AgentRx's research taxonomy runs to nine categories.[6] For production triage, seven is the right level of granularity — mode 6 (Plan Adherence Failure) and mode 5 (Intent–Plan Misalignment) collapse into Plan Drift because the remediation layer is the same: behavioral spec and eval gate at deploy. The distinction matters for research; it doesn't change the on-call action.
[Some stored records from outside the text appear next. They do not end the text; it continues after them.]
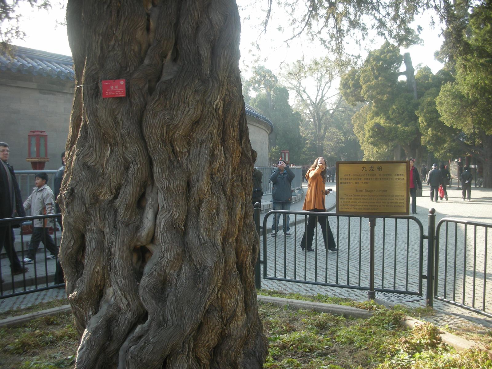 (皇穹宇の後ろの九龍柏。九龍に似ているのであがめられている。)
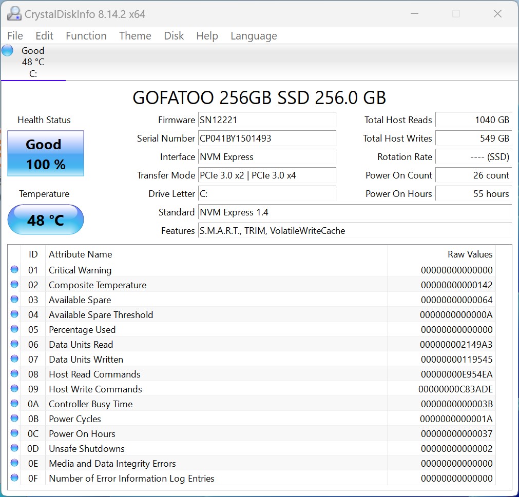 I vårt fall är Minisforum Venus Series UN100D utrustad med en NVMe SSD från Gofatoo. Med 256 GB lagringsutrymme är masslagringen begränsad, och minus operativsystemet har användaren bara cirka 200 GB tillgängligt. Samma modell har redan installerats i Minisforum Venus Series UN100L. SSD-enheten i vårt testexemplar kan dock leverera bättre prestanda tack vare den bättre PCIe-anslutningen. Med detta sagt utnyttjas inte SSD:ns prestanda optimalt, eftersom de inbyggda M.2 SSD-enheterna i Minisforum UN100D tekniskt sett endast är anslutna till PCIe 3.0 x2. Vårt testsystem klarar belastningstestet utmärkt. Inga prestandaförluster är att vänta under kontinuerlig belastning. En andra masslagringsenhet i 2,5-tumsformat kan installeras i Minisforum Venus Series UN100D. Den nödvändiga anslutningskabeln är redan inkluderad i enheten.
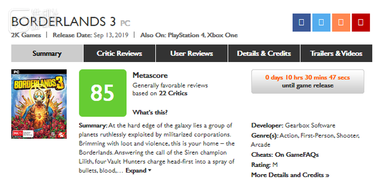 到本文截稿的时候,基于22篇外媒评测,《无主之地3》的Metacritic均分是85分。在2019年推出的游戏里,这是一个高分,但不是一个顶尖的分数。
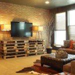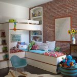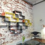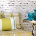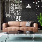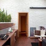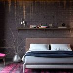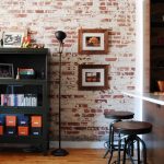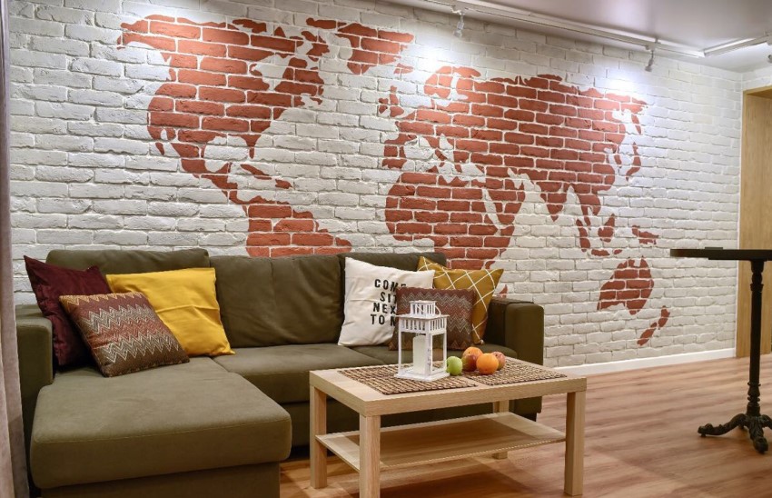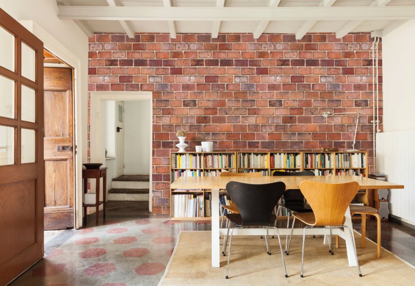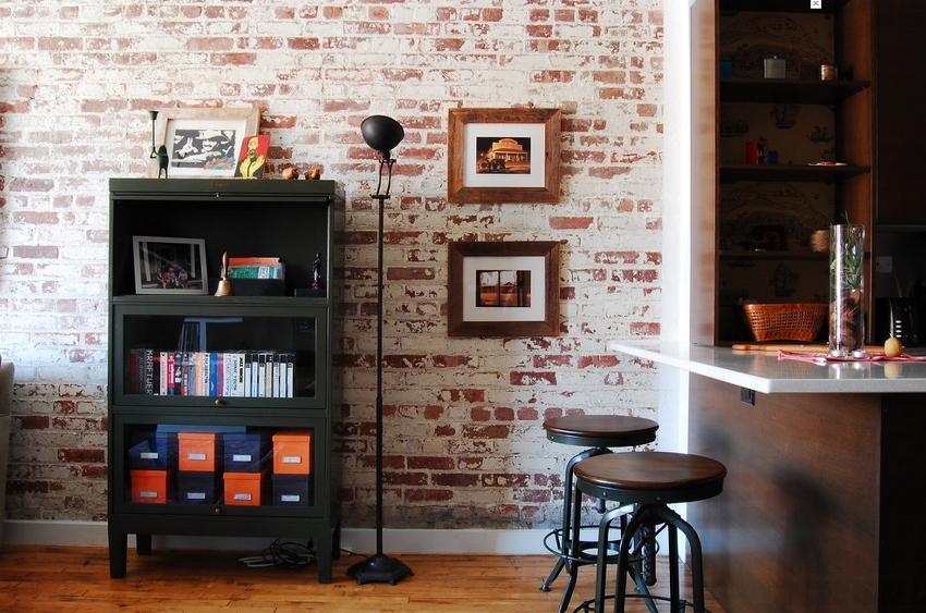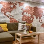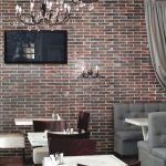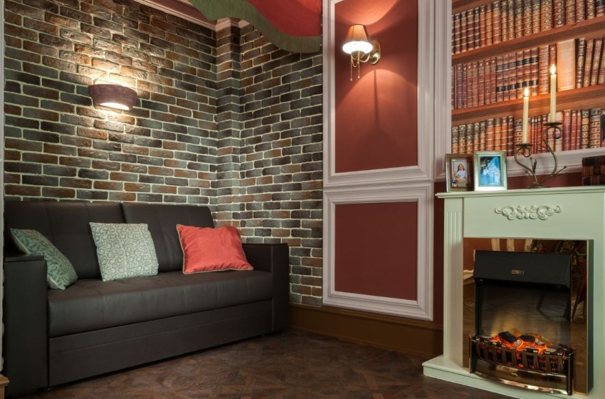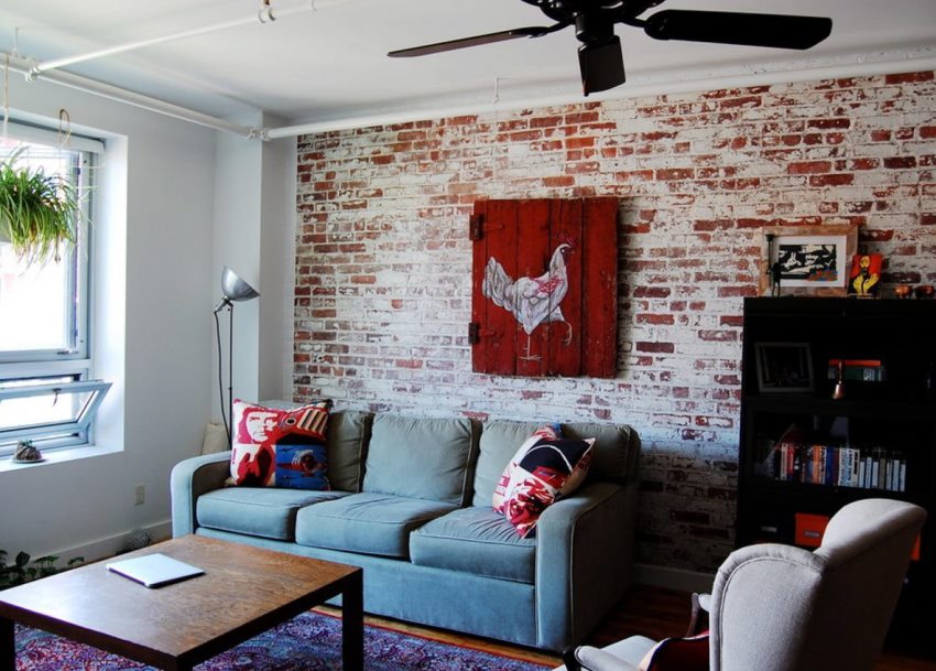 Etterligning av en murvegg: bilde av interiør ved bruk av tapet

| Failure Mode | OTel Trace Signature | Fix Target | Incident Share |
|---|---|---|---|
| Tool Invocation Failure | ERROR spans on tool calls; repeated args with similarity > 0.8; HTTP 200 with empty body | Schema validation at startup; circuit breaker | Top category (AgentRx[6]) |
| Context Decay | genai.response.finishreasons = max_tokens recurring; input tokens monotonically rising per step | Context compaction architecture; session isolation | 31.6% (Clyro 2026[3]) |
| Runaway Execution | Step count > 3× P95 for agent type; monotonic cost per step; circular tool args | Hard step ceiling; loop detection; cost circuit breaker | 5.1% — highest cost per incident (Clyro 2026[3]) |
| Plan Drift | Required tool categories absent from span tree; no completion span; categories shift mid-workflow | Behavioral spec; LLM-as-judge eval gate at deploy | Moderate (AgentRx categories 1 + 5[6]) |
| Scope Overreach | Out-of-scope tool calls; destructive endpoint access (DELETE/DROP/PATCH); 403 responses | Permission surface enforcement at execution layer | 30.3% (Clyro 2026[3]) |
| Silent Semantic Failure | All spans succeed; normal token counts; evaluator flags quality degradation | Online LLM-as-judge evaluation; quality baseline alerting | 24.9% (Clyro 2026[3]) |
| Cascade Propagation | Orphaned spans at handoffs; downstream agents consuming high tokens on simple inputs | Semantic validation at every agent handoff | Emergent in multi-agent systems[8] |
A single bad call at step N corrupts every subsequent step. The trace shows success. The data is wrong.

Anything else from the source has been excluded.